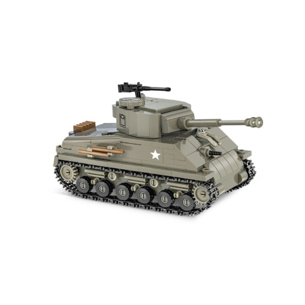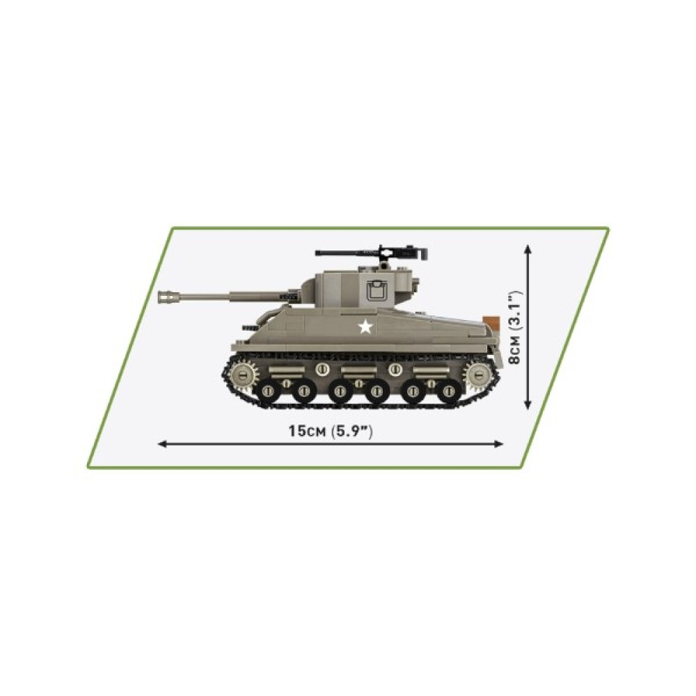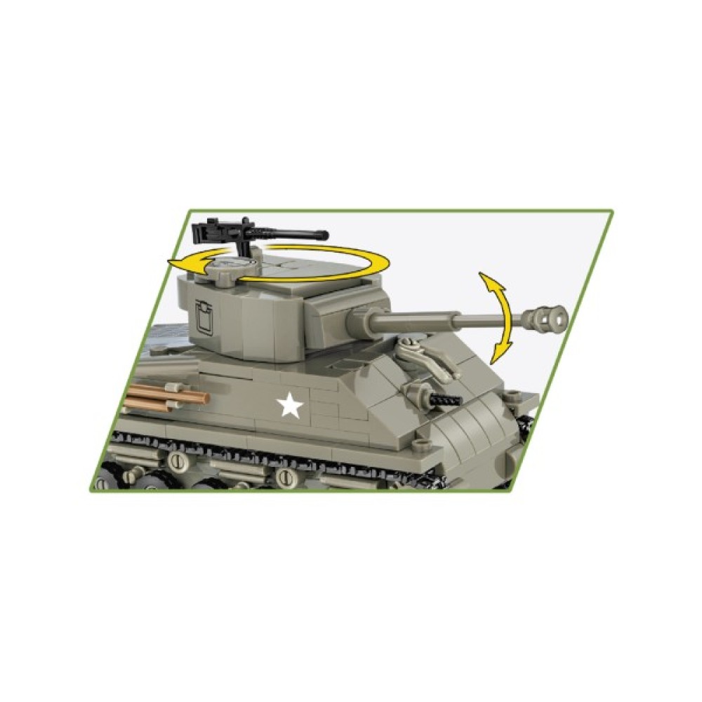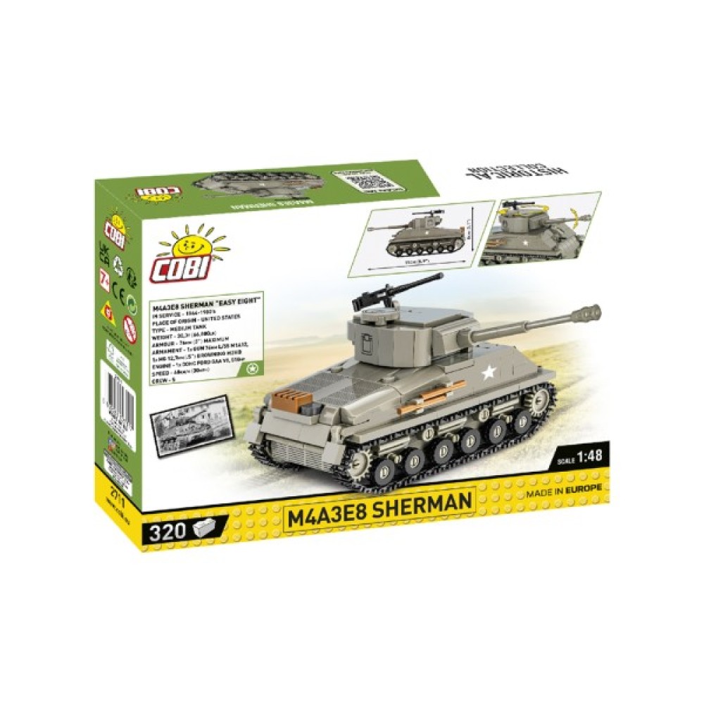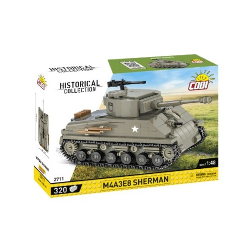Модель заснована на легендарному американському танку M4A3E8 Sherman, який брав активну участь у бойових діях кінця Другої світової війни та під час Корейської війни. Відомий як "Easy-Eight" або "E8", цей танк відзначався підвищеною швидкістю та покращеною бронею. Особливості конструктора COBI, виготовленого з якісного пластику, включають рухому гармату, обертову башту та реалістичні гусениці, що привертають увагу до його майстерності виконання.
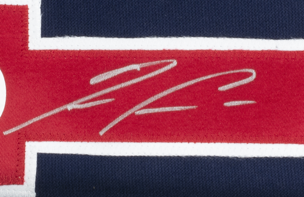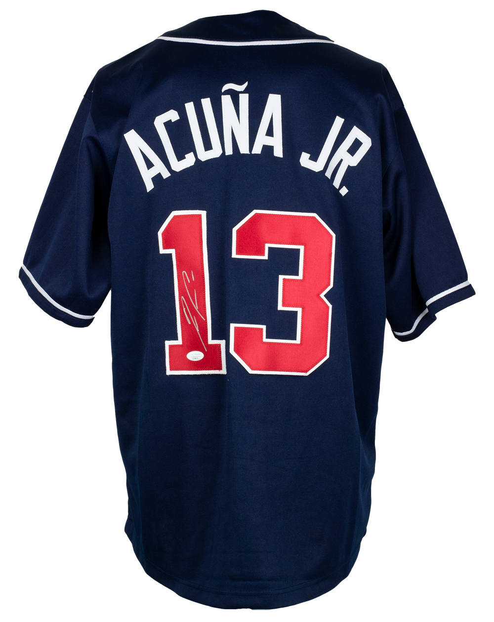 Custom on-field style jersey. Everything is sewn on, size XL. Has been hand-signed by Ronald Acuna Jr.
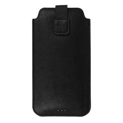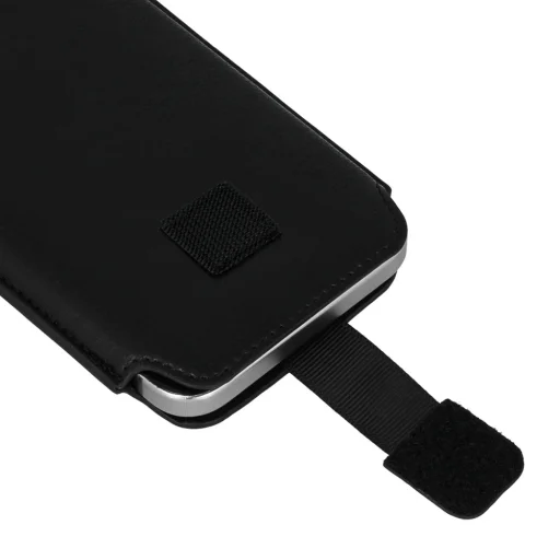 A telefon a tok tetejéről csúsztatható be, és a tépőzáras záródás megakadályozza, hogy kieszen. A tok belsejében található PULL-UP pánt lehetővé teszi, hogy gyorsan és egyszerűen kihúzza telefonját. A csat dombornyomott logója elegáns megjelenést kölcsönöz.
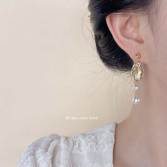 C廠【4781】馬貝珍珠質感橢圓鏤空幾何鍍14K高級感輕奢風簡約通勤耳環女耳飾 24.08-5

#####

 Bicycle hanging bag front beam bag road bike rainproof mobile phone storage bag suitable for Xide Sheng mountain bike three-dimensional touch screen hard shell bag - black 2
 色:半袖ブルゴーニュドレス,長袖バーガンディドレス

#####

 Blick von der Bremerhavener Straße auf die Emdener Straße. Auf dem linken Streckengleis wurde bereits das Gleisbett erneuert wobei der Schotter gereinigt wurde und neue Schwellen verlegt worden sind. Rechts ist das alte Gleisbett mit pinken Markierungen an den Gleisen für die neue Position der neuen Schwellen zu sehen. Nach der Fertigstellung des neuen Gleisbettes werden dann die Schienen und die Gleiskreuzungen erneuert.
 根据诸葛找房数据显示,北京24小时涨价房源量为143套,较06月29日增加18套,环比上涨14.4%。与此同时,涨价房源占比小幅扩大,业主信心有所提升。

#####

[WHAT THE TASK ASKS] The entries above hold the needed span. Transcribe exactly the lines from the one with "Bicycle hanging bag" to the one with "色:半袖ブルゴーニュドレス,長袖バーガンディドレス", both included.

[OUTPUT FOR THIS TASK]
 Bicycle hanging bag front beam bag road bike rainproof mobile phone storage bag suitable for Xide Sheng mountain bike three-dimensional touch screen hard shell bag - black 2
 色:半袖ブルゴーニュドレス,長袖バーガンディドレス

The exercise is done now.